The central symbolism in Bates's story is implicit in the analogy between Mrs. Thurlow and the ox. Right from the title itself to all the details like her 'lumbering' movement, her bi-cycle as the cart, her upturned skirt as the bony tail of the ox, the story develops this symbolism. Mrs. Thurlow's impassivity, her apparently thoughtless resignation and her silent and selfless fortitude are the complex ways her character differs from an ox. She merely uses that instinctive and blank mind as a defence mechanism in situations of acute adversity where her husband is of no help and her children, for whom she does everything, do not care for her.
The bi-cycle is another symbol of sole companionship for her. She dreams about it and cannot walk without it. The bi-cycle is an object that externalizes the sway of emotions that lie suppressed in her.

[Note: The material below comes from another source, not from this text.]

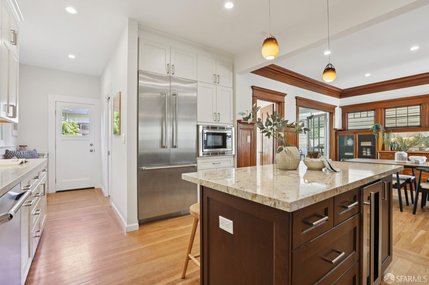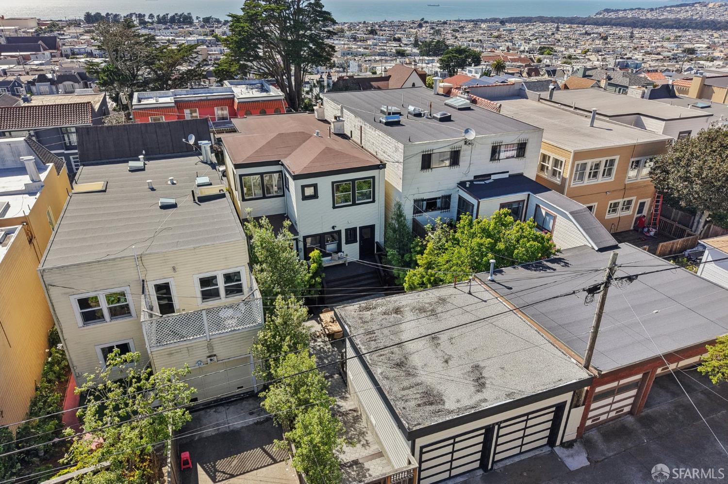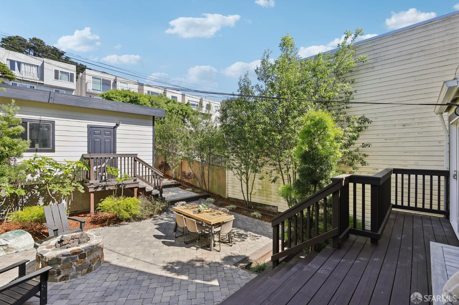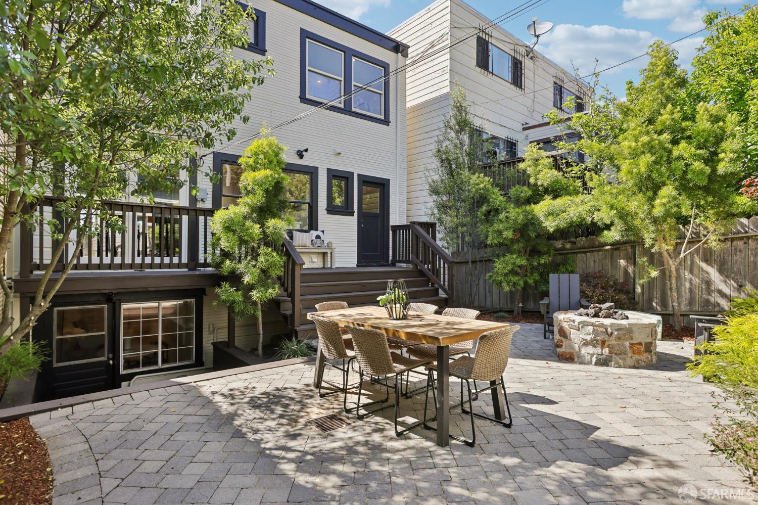 Stand alone single family home perched in Golden Gate Heights with detached two car garage, sweeping Pacific Ocean views, and three finished levels of flexible living space. This well maintained residence offers 4 bedrooms, 4.5 baths, plus 2 bonus rooms ideal for multigenerational living, guests, caretakers, or office use. Original gumwood finishes, handcrafted built ins, and period details are preserved throughout, paired with a remodeled kitchen, updated baths, and completed electrical and plumbing improvements. The top floor includes four bedrooms and two baths. The west facing front bedroom captures ocean views. The rear primary suite overlooks the garden and includes a renovated ensuite bath. The main level opens with a classic central staircase. The living room features a refinished fireplace mantel, water outlooks, and original built in cabinetry. A finished sunroom provides added space for an office, playroom, or den. The kitchen and dining areas were opened to create a modern open concept layout. This level also includes a half bath, a newly installed laundry room, and direct access to the rear deck, landscaped backyard, and firepit. The lower level, recently updated, offers a media room, wet bar, two baths, and two bonus rooms. Separate side and rear entrances, along with interior access, create strong flexibility for guests, extended family, or work from home needs. The detached rear garage faces a small alley and offers side by side parking for two cars. Additional laundry hookups are also located there. Located near West Portal, transit, shopping, and commuter routes.

Mr. Thurlow's silver plate in the head is another sad emblem of a lost selfhood and it is the assertion of its material value that creates the self-sustaining fantasy for him. His last image in the story in that oversize shirt beautifully symbolizes her flight.

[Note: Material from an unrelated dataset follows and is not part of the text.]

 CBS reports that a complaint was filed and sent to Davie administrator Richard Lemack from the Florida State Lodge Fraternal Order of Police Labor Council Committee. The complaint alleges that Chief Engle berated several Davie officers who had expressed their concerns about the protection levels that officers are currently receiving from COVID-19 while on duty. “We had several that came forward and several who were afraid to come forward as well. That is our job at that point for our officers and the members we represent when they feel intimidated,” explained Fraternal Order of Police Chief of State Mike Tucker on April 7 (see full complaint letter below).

The location of Mrs. Thurlow's house and the movement of seasons and also the moment when she feels great psychic disintegration in the police van, sans her bi-cycle and finally the last scene where all alone, she has serious doubts about making it to her hilltop house as there is an irreparable puncture in the back-tyre of her bi-cycle are all symbolic of a symbolic image of the human condition of gloom, despair and suffering where someone like Mrs. Thurlow symbolizes a Sisyphus-like existentialist fortitude and stoicism which makes her go on amid all the misery.